„Astronauten müssen als Menschen sehr resilient sein“

Interview mit Suzanna Randall, Astronautin und Keynote Sprecherin auf der Command Control 2020

Die Astrophysikerin Dr. Suzanna Randall wird derzeit im Rahmen der privaten Initiative „Die erste deutsche Astronautin“ als eine von zwei Kandidatinnen auf den ersten Flug einer deutschen Frau ins All vorbereitet. Bevor es 2021 soweit ist, hält sie am 4. März 2020 auf der Command Control eine Keynote zum Thema „Cyber Resilience and Trust in Space“. Im Vorfeld haben wir mit ihr über das Thema Resilienz gesprochen.

Die Command Control hat in diesem Jahr das Leitthema „Cyber Resilience“. Welche Rolle spielt Resilienz bei Weltraummissionen?

Randall: Aus meiner Sicht spielt Resilienz im All eine sehr große Rolle. Das beginnt damit, dass auf der ISS die meisten kritischen Dinge dreifach vorhanden sind. Das bedeutet, dass die wichtigsten Systeme zweimal ausfallen können, bevor es wirklich kritisch wird. Insofern ist die ISS als System sehr resilient. Darüber hinaus müssen auch die Astronautinnen und Astronauten als Menschen sehr resilient sein. Beispielsweise muss man in der Lage sein, extrem schnell auf kritische Situationen zu reagieren und unter hohem Druck die richtigen Entscheidungen zu treffen. Dazu gehört auch, dass man sich innerhalb kürzester Zeit von schockartigen Situationen erholt und in den „Normalzustand“ zurückspringt.

Wird die Resilienz der Besatzungsmitglieder im Vorfeld einer Mission auf besondere Art und Weise besonders trainiert?
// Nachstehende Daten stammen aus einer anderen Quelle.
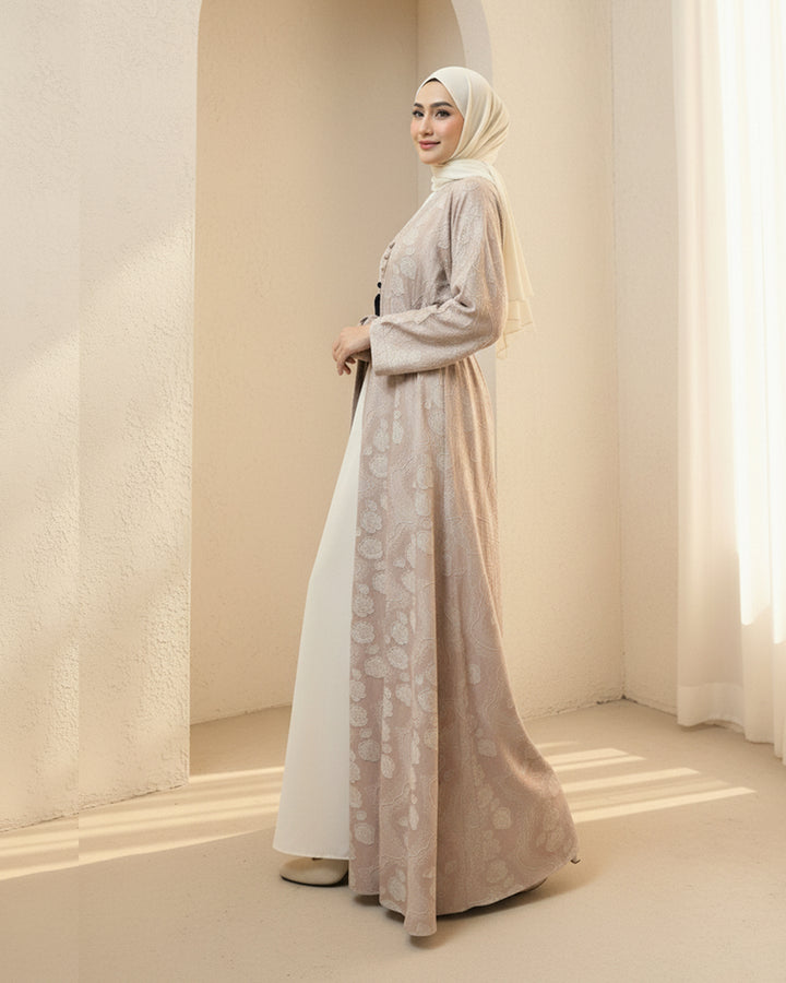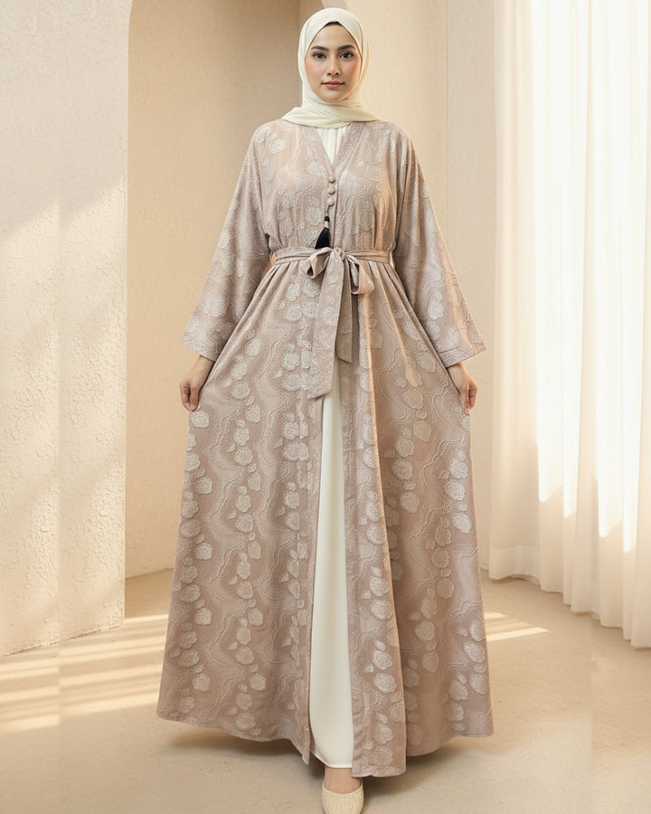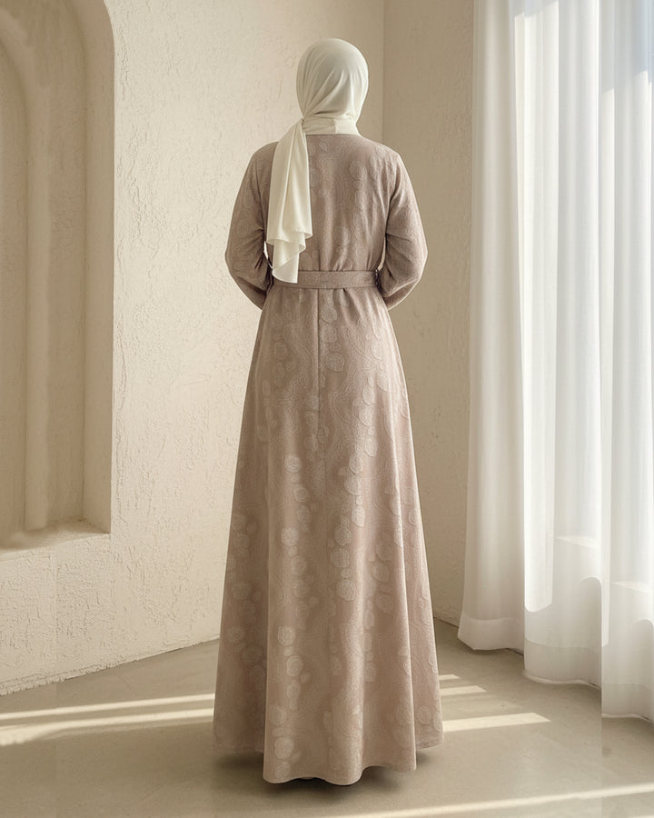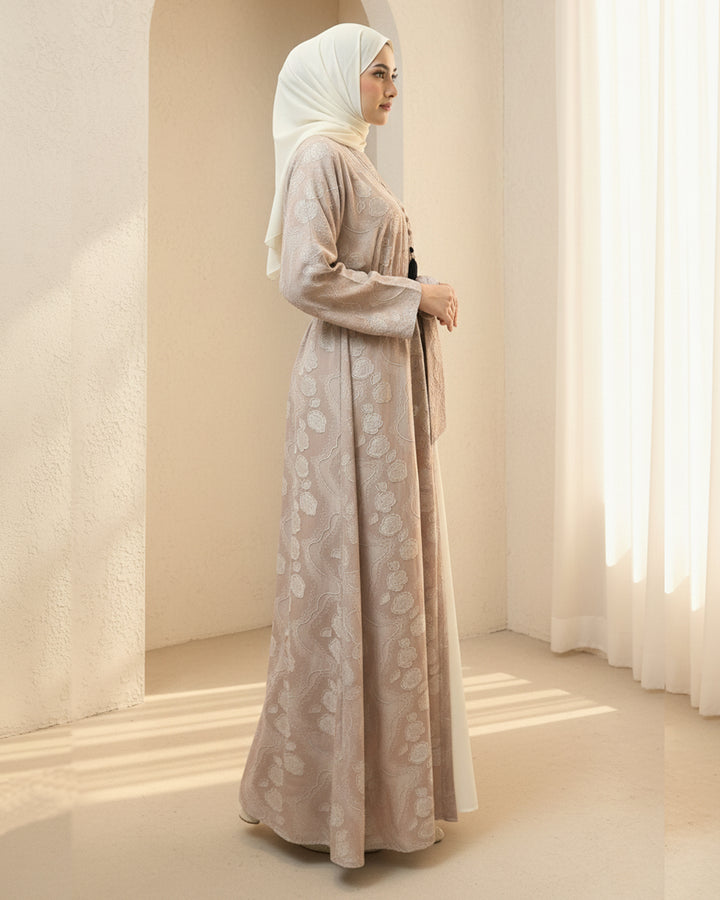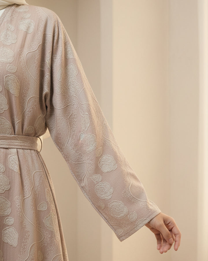 Elevate your modest wardrobe with this stunning open-front abaya, crafted from premium jacquard fabric featuring an intricate all-over rose pattern. The warm beige tone and subtle sheen give it a timeless elegance, perfect for both formal occasions and sophisticated everyday wear.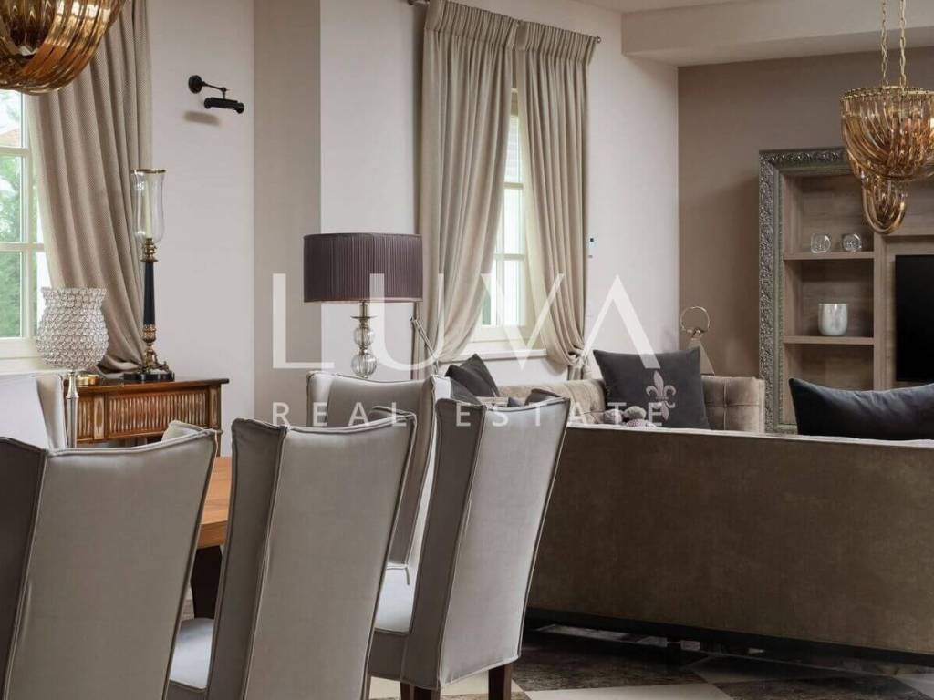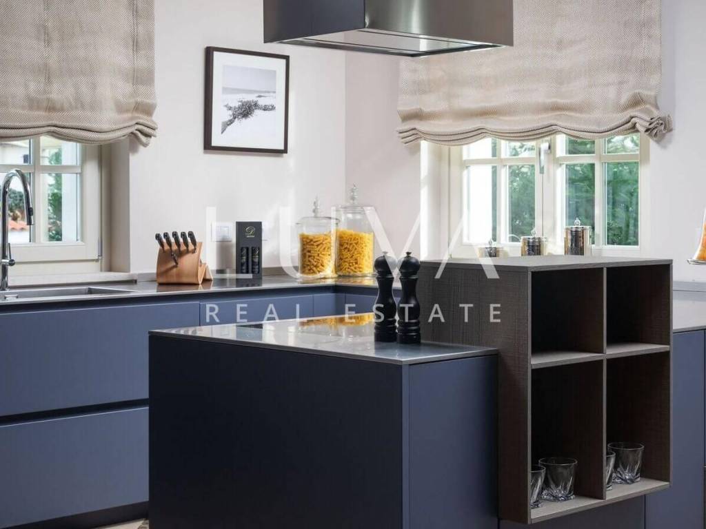 Built in 2018, the villa spans 287 m² across two floors, featuring a classic elegant design both inside and out. The ground floor houses a fully equipped kitchen and a spacious living room with access to a covered terrace, where you'll find a barbecue and a large dining table. In front of the terrace is an outdoor pool surrounded by sun loungers. In addition to the living room, the villa has 4 bedrooms, each with its own bathroom. This luxury villa, like the others in the complex, is currently used for tourist rentals and presents a good investment opportunity in Istrian tourism.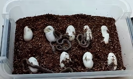 На свет 5 июля появились маленькие змейки — длинноносые полозы.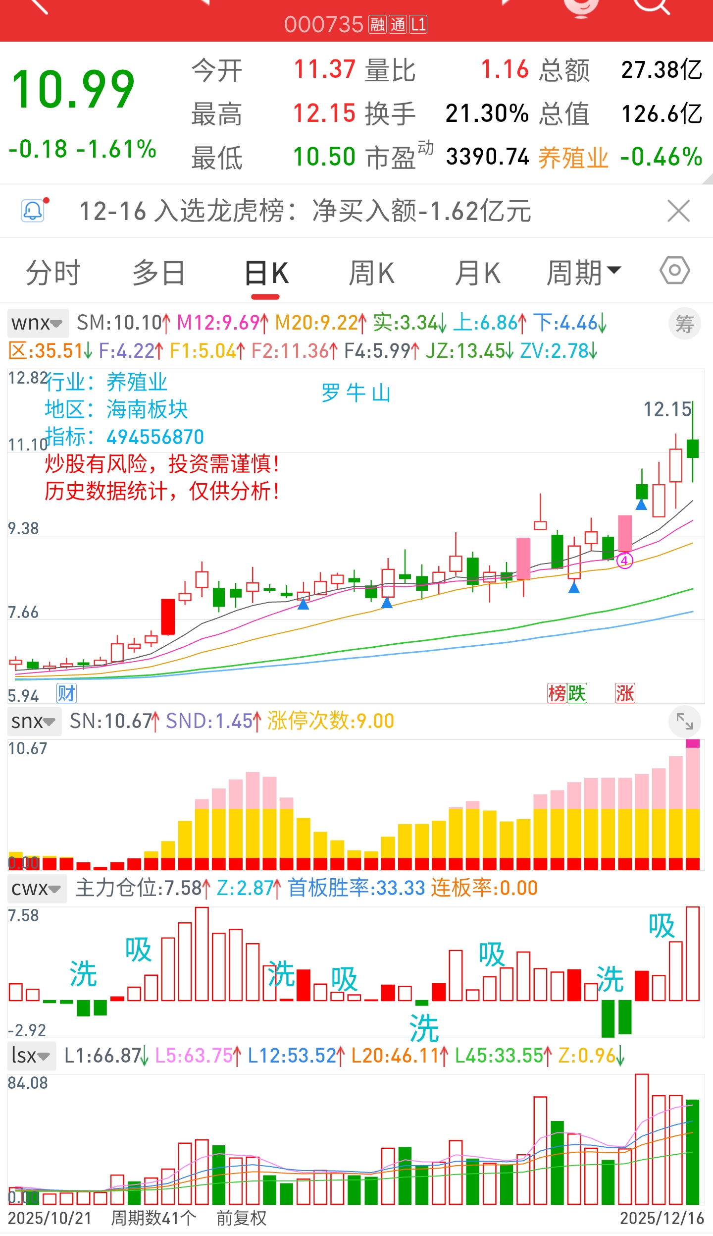 $罗 牛 山(SZ000735)$ #收盘点评# #复盘记录# #股市怎么看# #强势机会# #投资干货# k线上看是跟中阴线,并没有下探SM,虽然创了新高,但是也还跌了。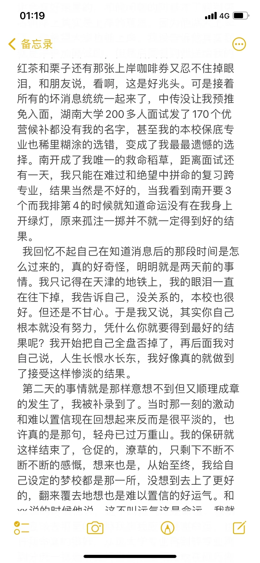 我回忆不起自己在知道消息后的那段时间是怎么过来的,真的好奇怪,明明就是两天前的事情。我只记得在天津的地铁上,我的眼泪一直在往下掉,我告诉自己,没关系的,本校也很好。但还是不甘心。于是我又说,其实你自己根本就没有努力,凭什么你就要得到最好的结果呢?我开始把自己全盘否掉了,再后面我对自己说,人生长恨水长东,我好像真的就做到了接受这样惨淡的结果。

Randall: Ein explizites Resilienz-Training gibt es nicht. Implizit spielt Resilienz aber bei zahlreichen Basis-Trainings eine große Rolle. Ein gutes Beispiel dafür ist der Flugschein, der zur Astronautenausbildung dazu gehört. Dabei lernt man, kontinuierlich diverse Checklisten durchzugehen und immer im Blick zu haben, ob irgendwo im System etwas nicht stimmt. Außerdem trainieren wir, wie man aus allen möglichen „nicht-normalen“ Situationen schnellstmöglich recovert. In erster Linie wird Resilienz also anhand diverser praktischer Trainings vermittelt. Dazu kommt, dass Astronautinnen und Astronauten physisch und psychisch absolut gesund sein müssen.

Cybersicherheit ist eine auch eine Frage des Risikomanagements. Welche Rolle spielt Risikomanagement bei einer Weltraummission bzw. den Vorbereitungen?

Randall: Wir denken viel über die Risiken nach. Das höchste Risiko besteht ganz klar bei Start und Landung. Beim Bau der Raumfähren spielen deshalb Risiko-Wahrscheinlichkeiten eine große Rolle. Bei der Entwicklung der Space X- und Boeing Raumschiffe, mit denen Astronauten in den nächsten Jahren zur ISS fliegen sollen, war die Auflage der NASA für das „Loss of Crew“-Risiko bei 1:270. Das heißt die Chance, dass das Raumschiff bei Start oder Landung explodiert und ein oder mehrere Besatzungsmitglieder dabei stirbt muss unter 1:270 liegen. Im Vergleich zu einem Linienflieger ist das natürlich immer noch sehr hoch, aber es ist deutlich besser als bei früheren Missionen. Es wird also sehr großen Wert auf Sicherheit gelegt. Die Realität ist aber trotzdem nur bedingt vorhersehbar. Ob das Risiko tatsächlich 1:270 ist, kann mit Sicherheit erst sagen, nachdem man zweihundertsiebzig Mal geflogen ist.